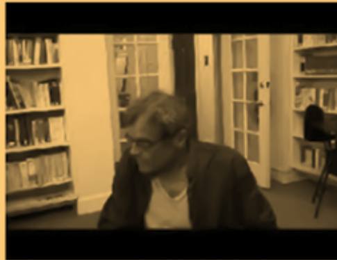
Harun Farocki Interview - YouTube youtube.com
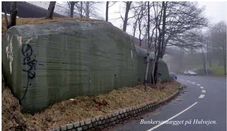
Bunkersanlægget på Hulvejen.
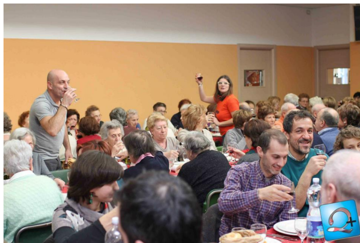
Una delle scorse edizioni

Come ormai da diversi anni l’Associazione “Qualcosa in più” organizza un pranzo solidale presso il Salone della Parrocchia di S.Francesco. ABC sostiene questa iniziativa, un’ottima occasione per gli abitanti del quartiere di incontrarsi, conoscersi meglio e condividere piacevoli momenti in buona compagnia.
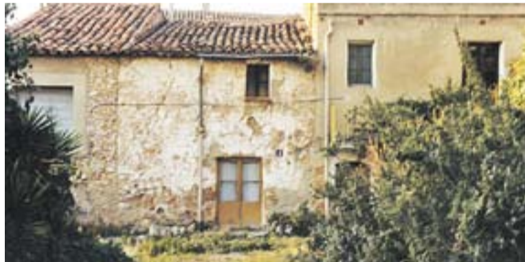
Camioneta de repartiment i façana abans d'enderrocar-la de Cal calissó.

els repartien pel poble amb la camioneta que podeu veure en la foto que s'adjunta a l'article (Pepet i la mare). També repartien taronjades i llimonades, i cervesa Moritz.
============================================================
**TASK REQUIREMENTS:** Omitting the images, output each record precisely as written.

**THE COMPLETED TASK:**
Harun Farocki Interview - YouTube youtube.com
Bunkersanlægget på Hulvejen.
Una delle scorse edizioni

Come ormai da diversi anni l’Associazione “Qualcosa in più” organizza un pranzo solidale presso il Salone della Parrocchia di S.Francesco. ABC sostiene questa iniziativa, un’ottima occasione per gli abitanti del quartiere di incontrarsi, conoscersi meglio e condividere piacevoli momenti in buona compagnia.
Camioneta de repartiment i façana abans d'enderrocar-la de Cal calissó.

els repartien pel poble amb la camioneta que podeu veure en la foto que s'adjunta a l'article (Pepet i la mare). També repartien taronjades i llimonades, i cervesa Moritz.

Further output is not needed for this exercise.